(Recorded data)
=== Section Start ===

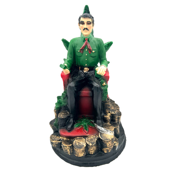 Santo Malverde figure seated on a throne, crafted from resin with carefully painted details. Its #4 size makes it perfect for personal altars, devotional spaces, or as a decorative piece with spiritual significance.
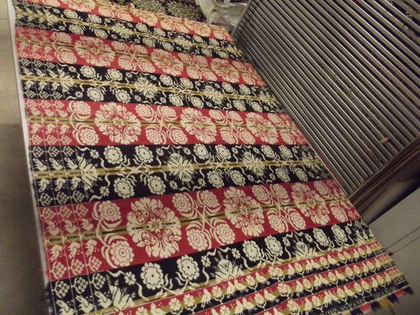 Tied Beiderwand, navy, green, red with fringe on three sides. Birds and flowers. John Wagner inscription along the bottom edgeAcquisition
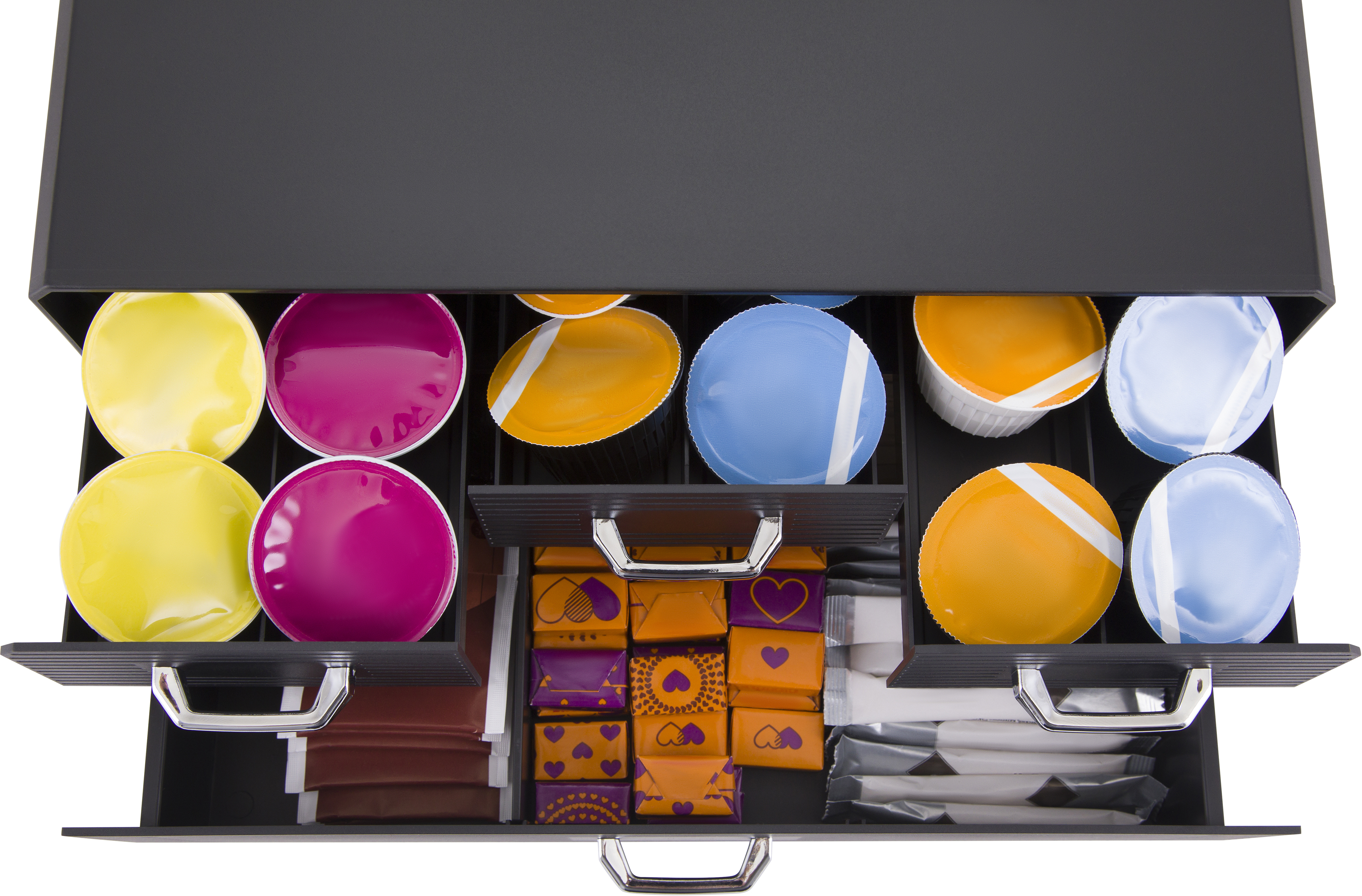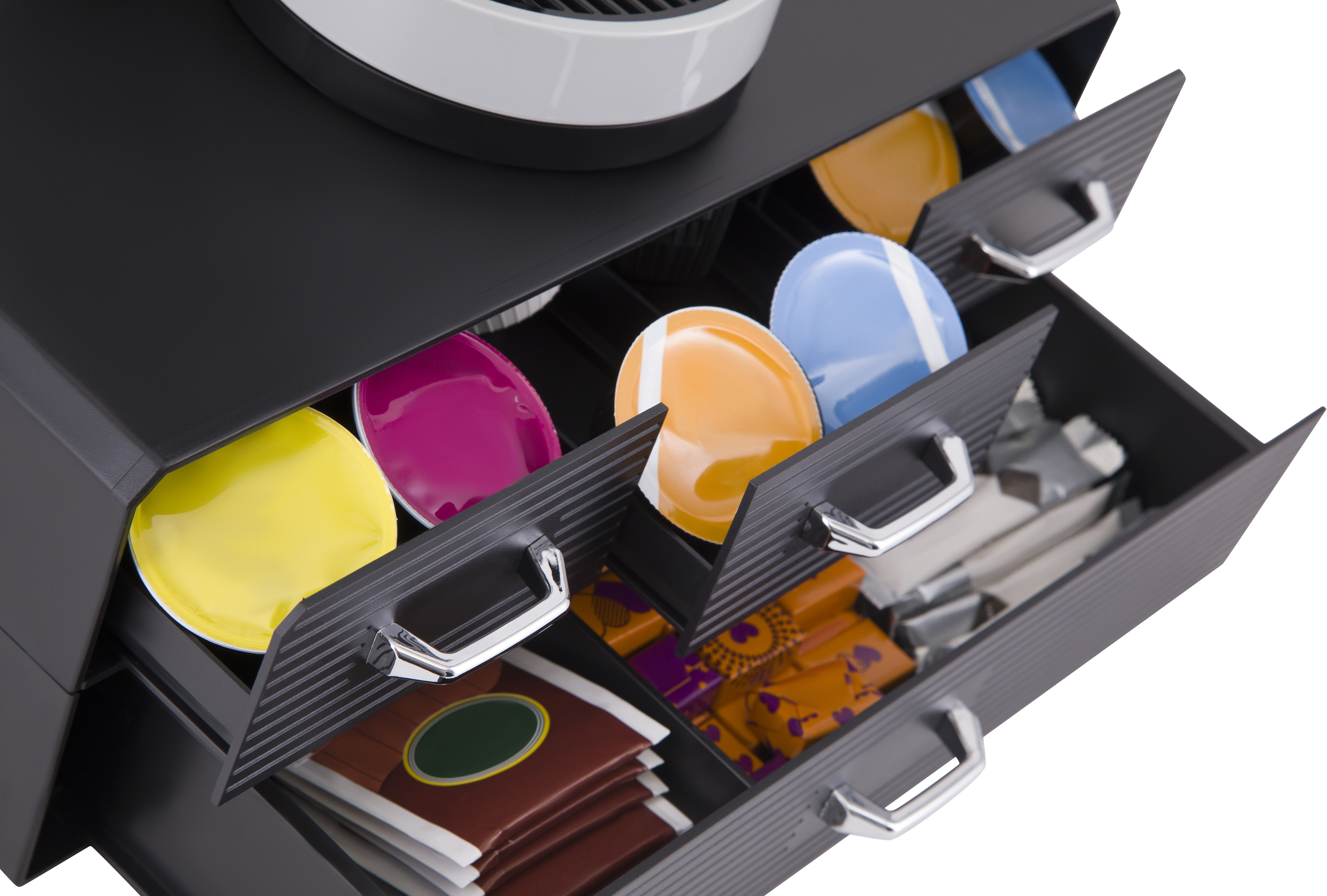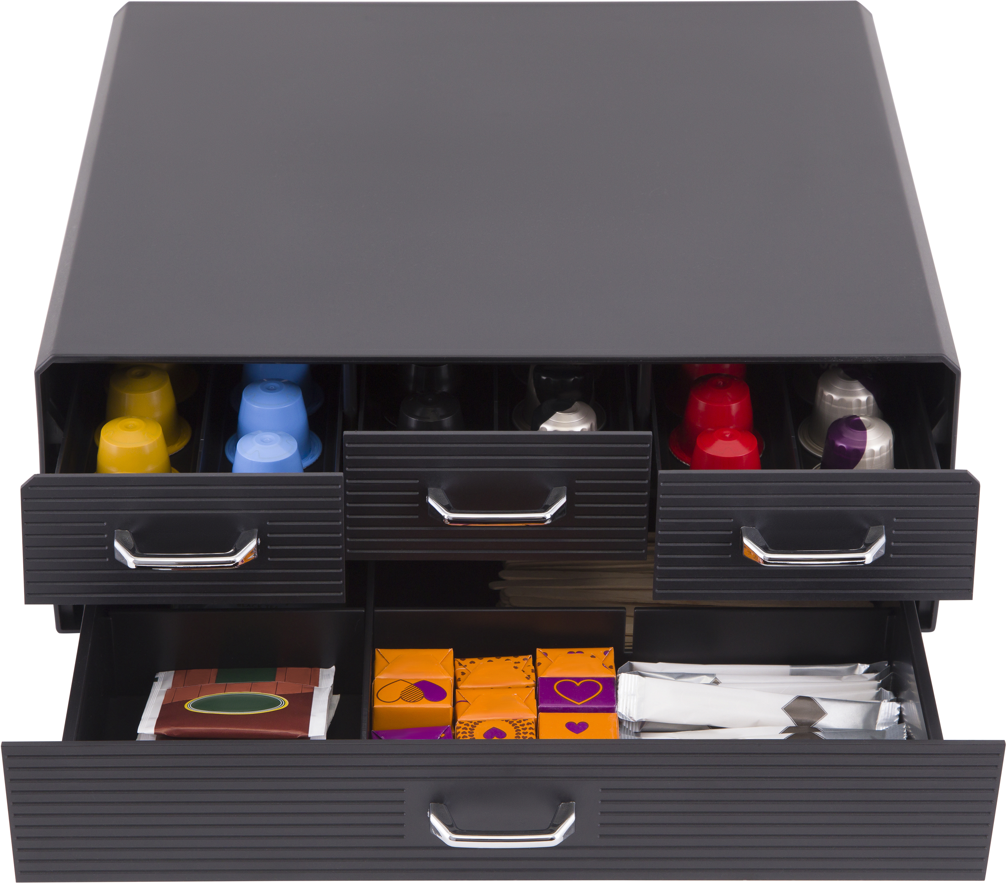 Двухъярусный настольный органайзер-подставка для 96 кофейных капсул Nespresso или 61 Dolce Gusto с четырьмя выдвижными ящиками. Нижний ящик адаптируется под ваши потребности благодаря разделителям и может использоваться не только для хранения капсул, но т
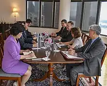- Luke Vargas, « Pompeo touts progress toward 'expected' North Korea summit », sur Talk Media News, (consulté le )
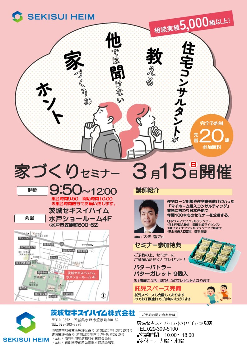 | 会社名 | 茨城セキスイハイム(株) グランツーユー水戸笠原展示場 |
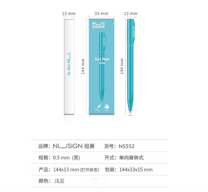 商品标题:纽赛NS552中性笔0.5mm子弹头(浅蓝)(单位:支)
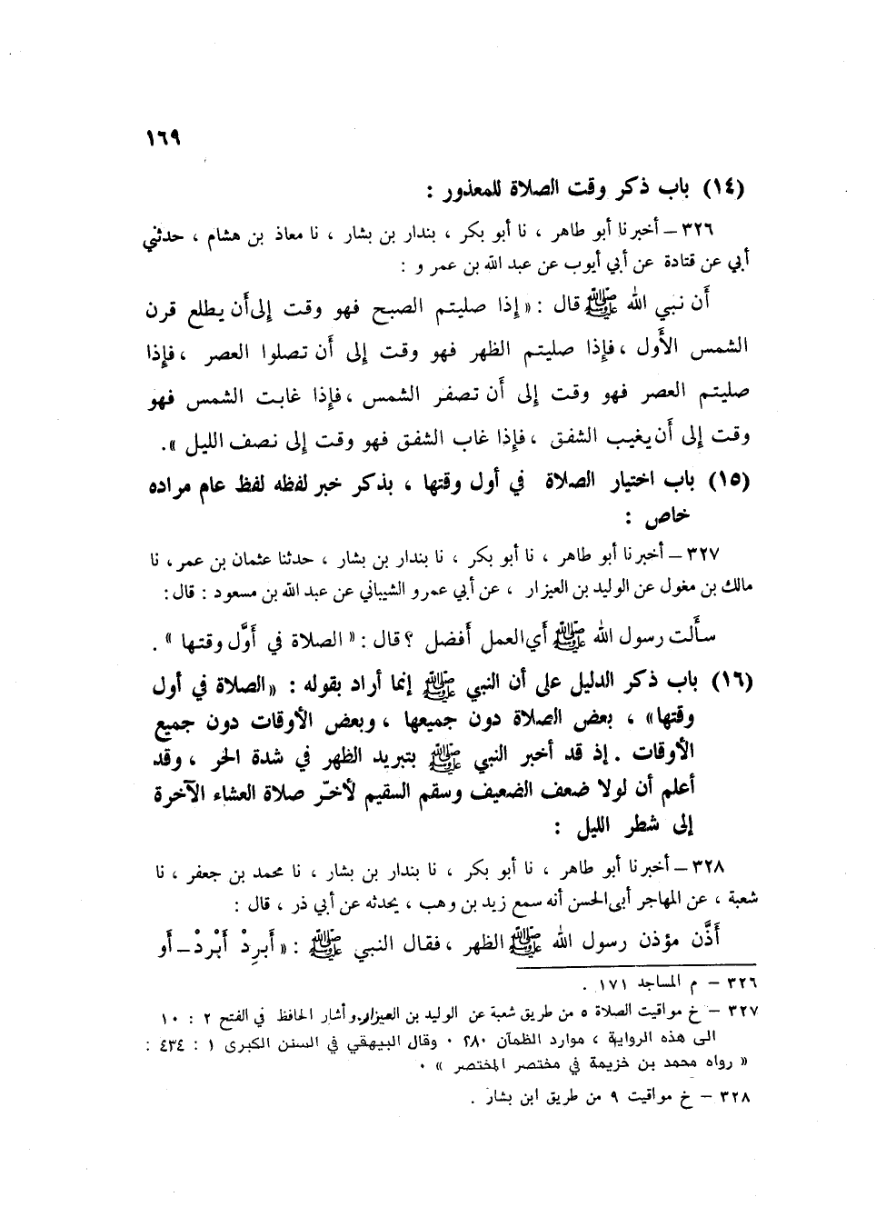 326 - بُنْدَارُ بْنُ بَشَّارٍ، نا مُعَاذُ بْنُ هِشَامٍ، حَدَّثَنِي أَبِي، عَنْ قَتَادَةَ، عَنْ أَبِي أَيُّوبَ، عَنْ عَبْدِ اللَّهِ بْنِ عَمْرٍو، أَنَّ نَبِيَّ اللَّهِ صَلَّى اللهُ عَلَيْهِ وَسَلَّمَ قَالَ: «§إِذَا صَلَّيْتُمُ الصُّبْحَ فَهُوَ وَقْتٌ إِلَى أَنْ يَطْلُعَ قَرْنُ الشَّمْسِ الْأَوَّلِ، فَإِذَا صَلَّيْتُمُ الظُّهْرَ فَهُوَ وَقْتٌ إِلَى أَنْ تُصَلُّوا الْعَصْرَ، فَإِذَا صَلَّيْتُمُ الْعَصْرَ فَهُوَ وَقْتٌ إِلَى أَنْ تَصْفَرَّ الشَّمْسُ، فَإِذَا غَابَتِ الشَّمْسُ فَهُوَ وَقْتٌ إِلَى أَنْ يَغِيبَ الشَّفَقُ، فَإِذَا غَابَ الشَّفَقُ فَهُوَ وَقْتٌ إِلَى نِصْفِ اللَّيْلِ»
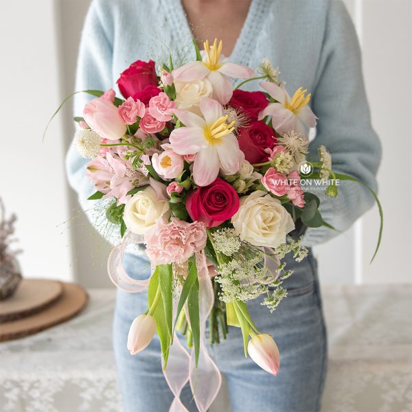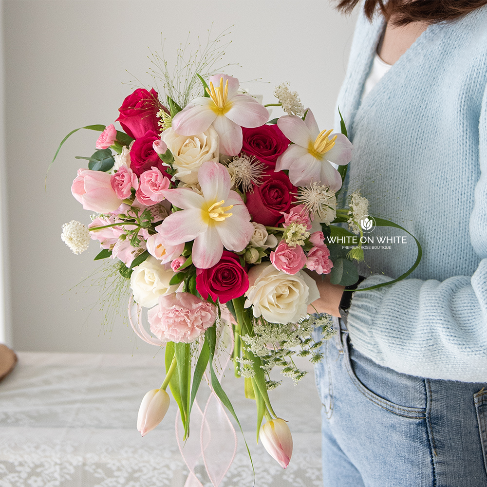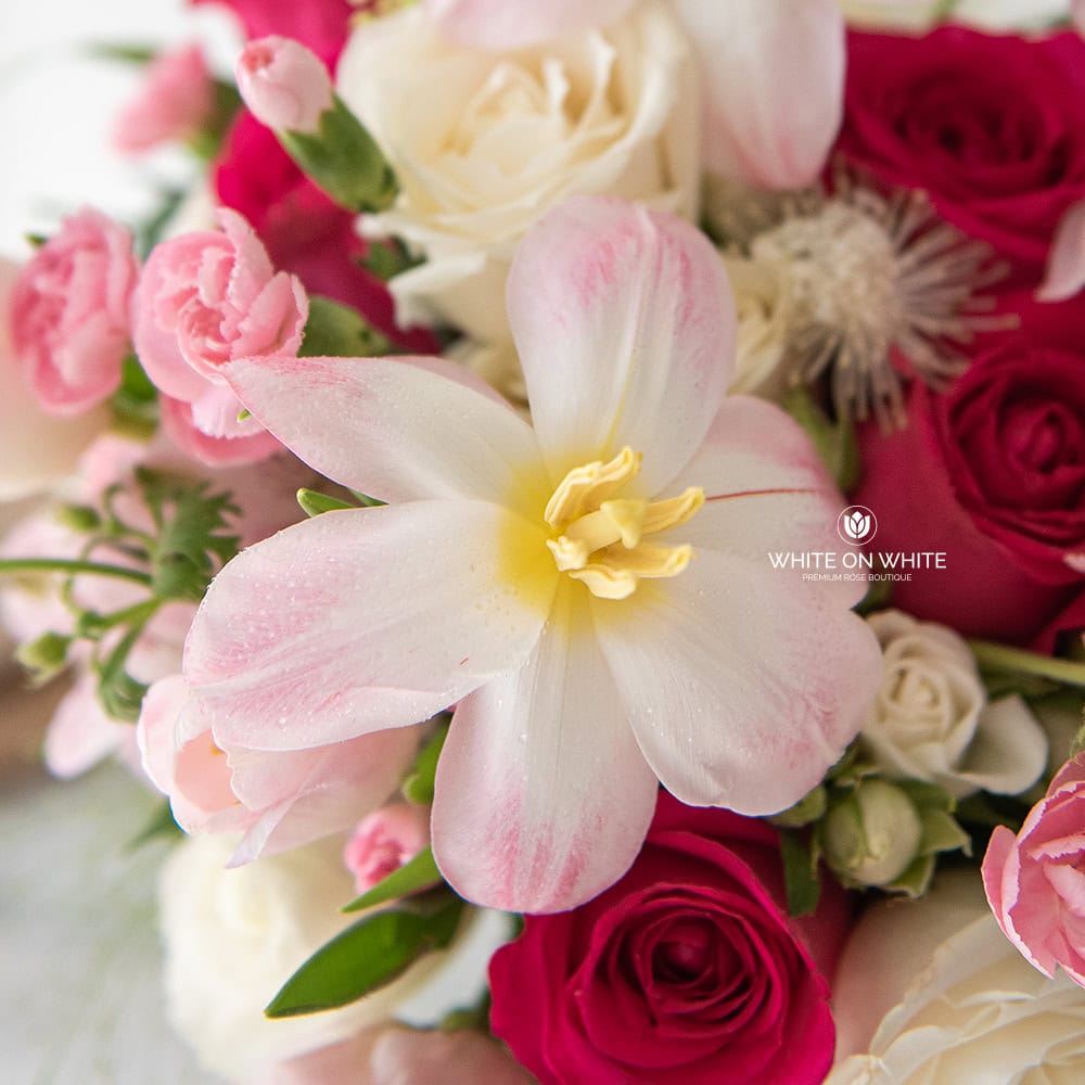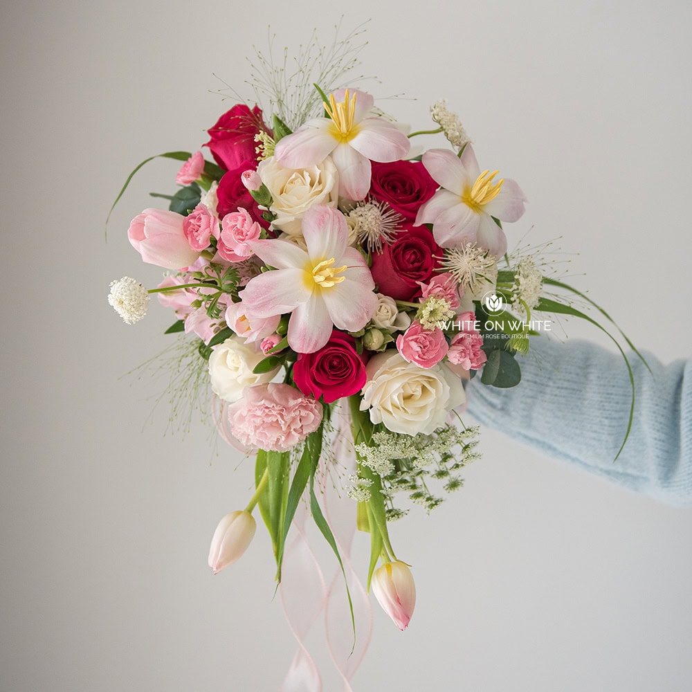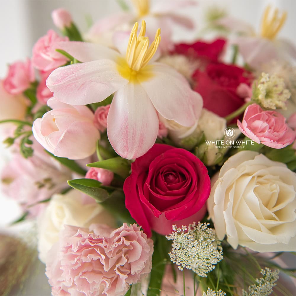 Dark Pink Rose, White Rose, Pink Tulip, Pink Carnation Spray, Pink Eustoma, Pink Alstroemeria, White Rose Sprat, Thrachymene, Ammi Majus, and Panicum

=== Section End ===

WHAT NEEDS TO BE DONE: Retype the data shown above exactly, excluding any picture it contains.

SOLUTION TO THIS TASK:
 Santo Malverde figure seated on a throne, crafted from resin with carefully painted details. Its #4 size makes it perfect for personal altars, devotional spaces, or as a decorative piece with spiritual significance.
 Tied Beiderwand, navy, green, red with fringe on three sides. Birds and flowers. John Wagner inscription along the bottom edgeAcquisition
 Двухъярусный настольный органайзер-подставка для 96 кофейных капсул Nespresso или 61 Dolce Gusto с четырьмя выдвижными ящиками. Нижний ящик адаптируется под ваши потребности благодаря разделителям и может использоваться не только для хранения капсул, но т
- Luke Vargas, « Pompeo touts progress toward 'expected' North Korea summit », sur Talk Media News, (consulté le )
 | 会社名 | 茨城セキスイハイム(株) グランツーユー水戸笠原展示場 |
 商品标题:纽赛NS552中性笔0.5mm子弹头(浅蓝)(单位:支)
 326 - بُنْدَارُ بْنُ بَشَّارٍ، نا مُعَاذُ بْنُ هِشَامٍ، حَدَّثَنِي أَبِي، عَنْ قَتَادَةَ، عَنْ أَبِي أَيُّوبَ، عَنْ عَبْدِ اللَّهِ بْنِ عَمْرٍو، أَنَّ نَبِيَّ اللَّهِ صَلَّى اللهُ عَلَيْهِ وَسَلَّمَ قَالَ: «§إِذَا صَلَّيْتُمُ الصُّبْحَ فَهُوَ وَقْتٌ إِلَى أَنْ يَطْلُعَ قَرْنُ الشَّمْسِ الْأَوَّلِ، فَإِذَا صَلَّيْتُمُ الظُّهْرَ فَهُوَ وَقْتٌ إِلَى أَنْ تُصَلُّوا الْعَصْرَ، فَإِذَا صَلَّيْتُمُ الْعَصْرَ فَهُوَ وَقْتٌ إِلَى أَنْ تَصْفَرَّ الشَّمْسُ، فَإِذَا غَابَتِ الشَّمْسُ فَهُوَ وَقْتٌ إِلَى أَنْ يَغِيبَ الشَّفَقُ، فَإِذَا غَابَ الشَّفَقُ فَهُوَ وَقْتٌ إِلَى نِصْفِ اللَّيْلِ»
 Dark Pink Rose, White Rose, Pink Tulip, Pink Carnation Spray, Pink Eustoma, Pink Alstroemeria, White Rose Sprat, Thrachymene, Ammi Majus, and Panicum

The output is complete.